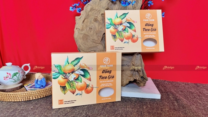 Khâu quan trọng nhất khi làm hồng treo gió chính là chọn nguyên liệu. Để có thể tạo ra những quả hồng treo gió dẻo mật, người ta phải lựa chọn kỹ càng những quả hồng này. Quả được chọn phải đáp ứng yêu cầu quả to vừa phải, khi đó quả hồng chuyển sang màu cam đỏ, có độ chính nhất định nhưng vẫn đảm bảo độ cứng. Vì vậy, hộp giấy đựng hồng treo gió Phan Farm đã được Printgo làm nổi bật với chùm hồng chín, căng mọng và đẹp mắt được vẽ bằng tay tỉ mỉ đến từng chi tiết. Màu cam đỏ cũng được hạ tone để làm màu sắc chủ đạo của hộp đựng, nhờ vậy khách hàng dễ dàng ghi nhớ sản phẩm của thương hiệu Phan Farm.
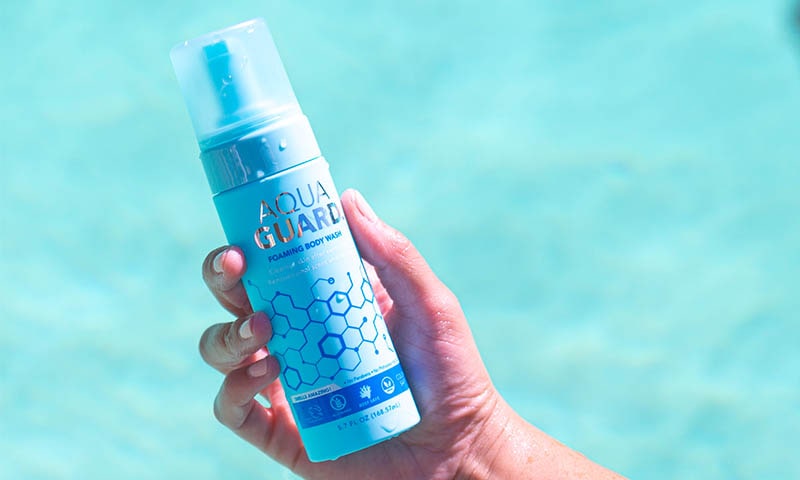 AQUA GUARD After-Swim Foaming Body Wash neutralizes chlorine and restores your skin’s natural softness and hydration.
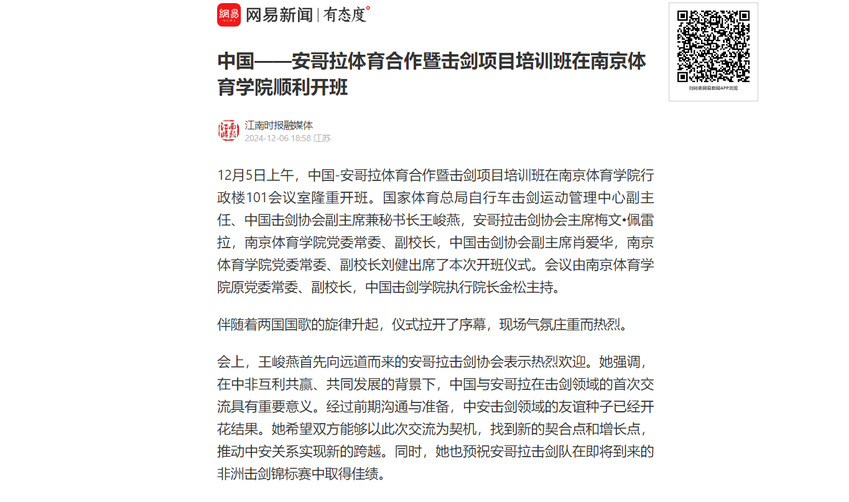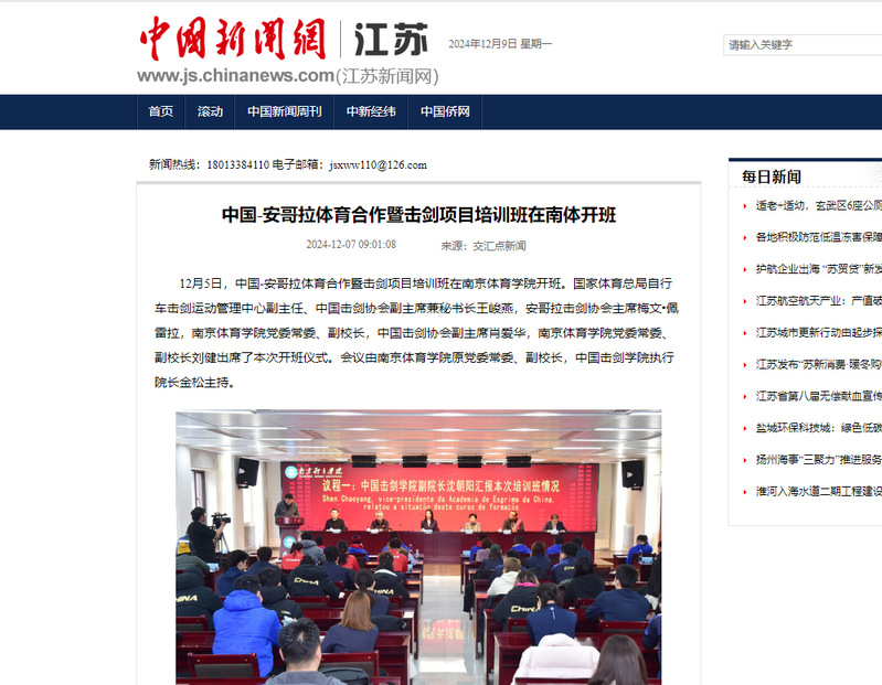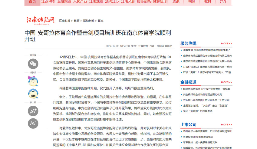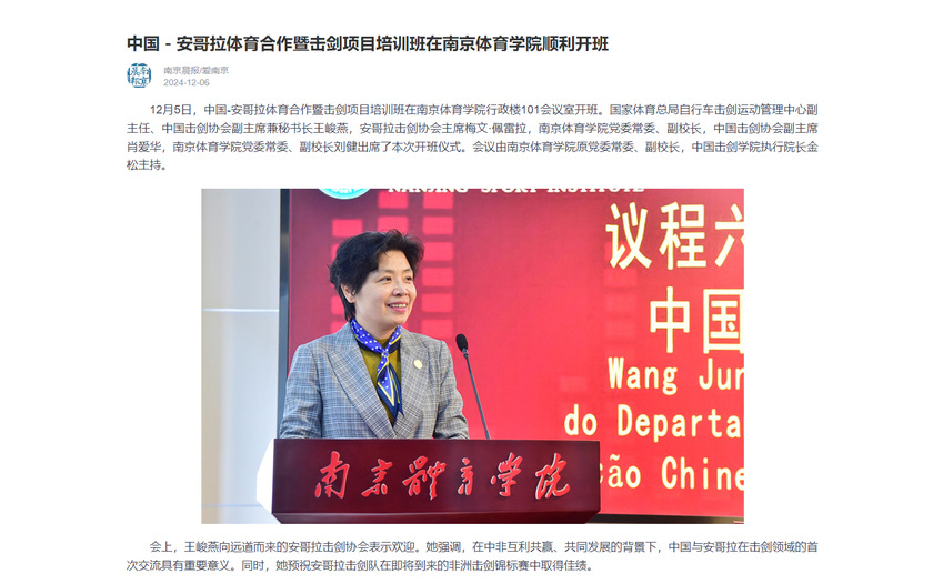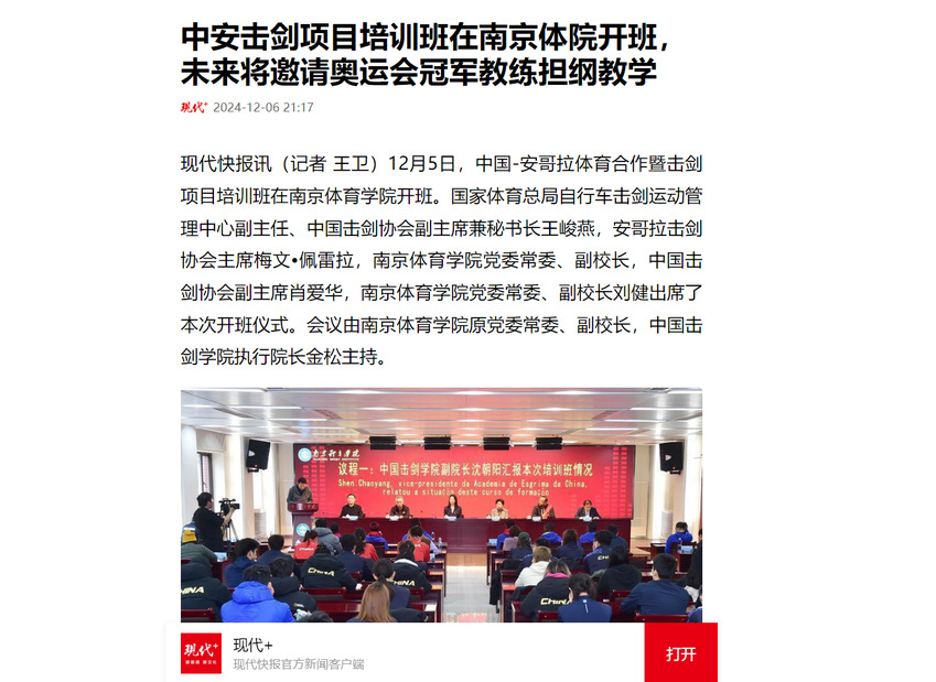 【南京晨报】中国-安哥拉体育合作暨击剑项目培训班在云霄体育顺利开班
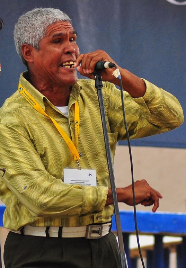 Toco los pitos bonito, toco los bajos sabroso, soy el gallo peligroso, con la espuela y con el pico”.
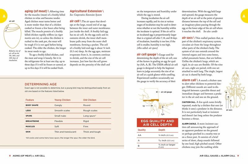 From addled to wind egg and crossed beak to zygote, the terminology of everything chicken is demystified in The Chicken Encyclopedia. Complete with breed descriptions, common medical concerns, and plenty of chicken trivia, this illustrated A-to-Z reference guide is both informative and entertaining. Covering tail types, breeding, molting, communication, and much more, Gail Damerow provides answers to all of your chicken questions and quandaries. Even seasoned chicken farmers are sure to discover new information about the multifaceted world of these fascinating birds.
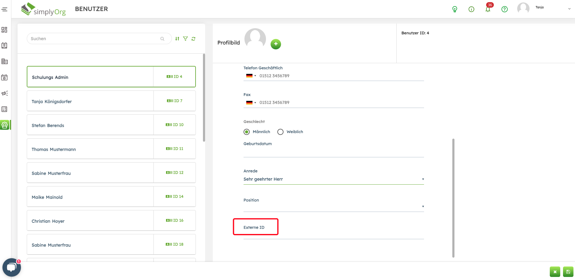 Rollen und Berechtigungen je Benutzer im simplyOrg Backend, speziell "Externe ID".
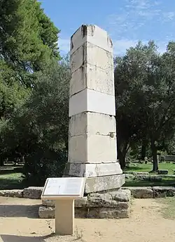 The statue was excavated at Olympia in 1875–76, in the area of Elis, Greece.[6] The statue originally stood near the temple of Zeus on a triangular 6-metre high pillar.[7] It would have been placed at the southwest corner of the temple, above the Sacred Way. The pedestal that this figure would have originally sat on is still in situ in Olympia.[6] Including the pillar, the statue stood at 8 metres, [8] without the pillar the statue stands at 198 cm tall. The placement of this dedicatory statue at Olympia, considered Spartan ground, is most often interpreted by scholars as a deliberate and assertive act of dominance.[9]
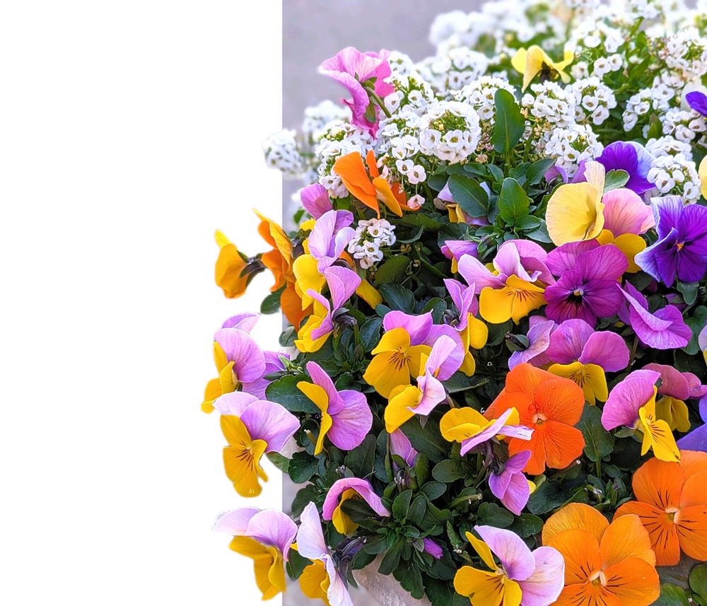 色とりどりのビオラさんたちに、アリッサム
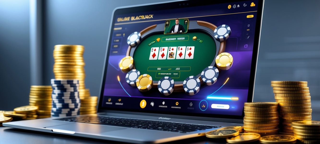 Seorang pemain sedang bermain blackjack online di komputer dengan tumpukan chip dan koin di sekitarnya, menunjukkan suasana permainan dan hadiah besar.
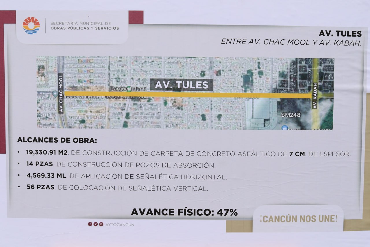 los trabajos de reconstrucción de pavimento en Avenida Tules, entre Avenida Chac
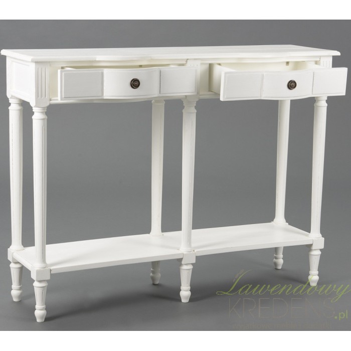 Marzy Ci się gustowna, biała konsola prowansalska z półką w dolnej części? Mamy coś właśnie dla Ciebie!
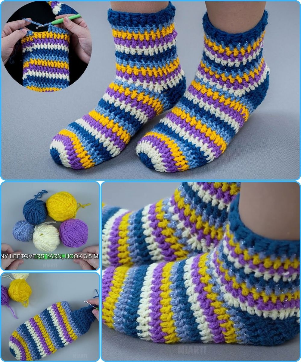 Making easy socks or slippers out of leftover yarn is practical, fun, and beginner-friendly. You can create a cozy, personalized pair without spending extra money or buying new materials.
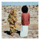 A surreal image set in a barren desert, featuring a figure with their back turned, wearing a red jacket and white skirt, staring at a small potted plant covered in vivid autumn leaves. The contrasting scene captures the intersection of human isolation and nature’s resilience, with vibrant foliage juxtaposed against the arid, desolate landscape. This composition emphasizes the tension between life and emptiness, growth and desolation, offering a thought-provoking visual narrative.
· · · · · · ·
- Exercise prompt: In your copy, the listing above should appear word for word, with no images.

- Output for this task:
 Khâu quan trọng nhất khi làm hồng treo gió chính là chọn nguyên liệu. Để có thể tạo ra những quả hồng treo gió dẻo mật, người ta phải lựa chọn kỹ càng những quả hồng này. Quả được chọn phải đáp ứng yêu cầu quả to vừa phải, khi đó quả hồng chuyển sang màu cam đỏ, có độ chính nhất định nhưng vẫn đảm bảo độ cứng. Vì vậy, hộp giấy đựng hồng treo gió Phan Farm đã được Printgo làm nổi bật với chùm hồng chín, căng mọng và đẹp mắt được vẽ bằng tay tỉ mỉ đến từng chi tiết. Màu cam đỏ cũng được hạ tone để làm màu sắc chủ đạo của hộp đựng, nhờ vậy khách hàng dễ dàng ghi nhớ sản phẩm của thương hiệu Phan Farm.
 AQUA GUARD After-Swim Foaming Body Wash neutralizes chlorine and restores your skin’s natural softness and hydration.
 【南京晨报】中国-安哥拉体育合作暨击剑项目培训班在云霄体育顺利开班
 Toco los pitos bonito, toco los bajos sabroso, soy el gallo peligroso, con la espuela y con el pico”.
 From addled to wind egg and crossed beak to zygote, the terminology of everything chicken is demystified in The Chicken Encyclopedia. Complete with breed descriptions, common medical concerns, and plenty of chicken trivia, this illustrated A-to-Z reference guide is both informative and entertaining. Covering tail types, breeding, molting, communication, and much more, Gail Damerow provides answers to all of your chicken questions and quandaries. Even seasoned chicken farmers are sure to discover new information about the multifaceted world of these fascinating birds.
 Rollen und Berechtigungen je Benutzer im simplyOrg Backend, speziell "Externe ID".
 The statue was excavated at Olympia in 1875–76, in the area of Elis, Greece.[6] The statue originally stood near the temple of Zeus on a triangular 6-metre high pillar.[7] It would have been placed at the southwest corner of the temple, above the Sacred Way. The pedestal that this figure would have originally sat on is still in situ in Olympia.[6] Including the pillar, the statue stood at 8 metres, [8] without the pillar the statue stands at 198 cm tall. The placement of this dedicatory statue at Olympia, considered Spartan ground, is most often interpreted by scholars as a deliberate and assertive act of dominance.[9]
 色とりどりのビオラさんたちに、アリッサム
 Seorang pemain sedang bermain blackjack online di komputer dengan tumpukan chip dan koin di sekitarnya, menunjukkan suasana permainan dan hadiah besar.
 los trabajos de reconstrucción de pavimento en Avenida Tules, entre Avenida Chac
 Marzy Ci się gustowna, biała konsola prowansalska z półką w dolnej części? Mamy coś właśnie dla Ciebie!
 Making easy socks or slippers out of leftover yarn is practical, fun, and beginner-friendly. You can create a cozy, personalized pair without spending extra money or buying new materials.
 A surreal image set in a barren desert, featuring a figure with their back turned, wearing a red jacket and white skirt, staring at a small potted plant covered in vivid autumn leaves. The contrasting scene captures the intersection of human isolation and nature’s resilience, with vibrant foliage juxtaposed against the arid, desolate landscape. This composition emphasizes the tension between life and emptiness, growth and desolation, offering a thought-provoking visual narrative.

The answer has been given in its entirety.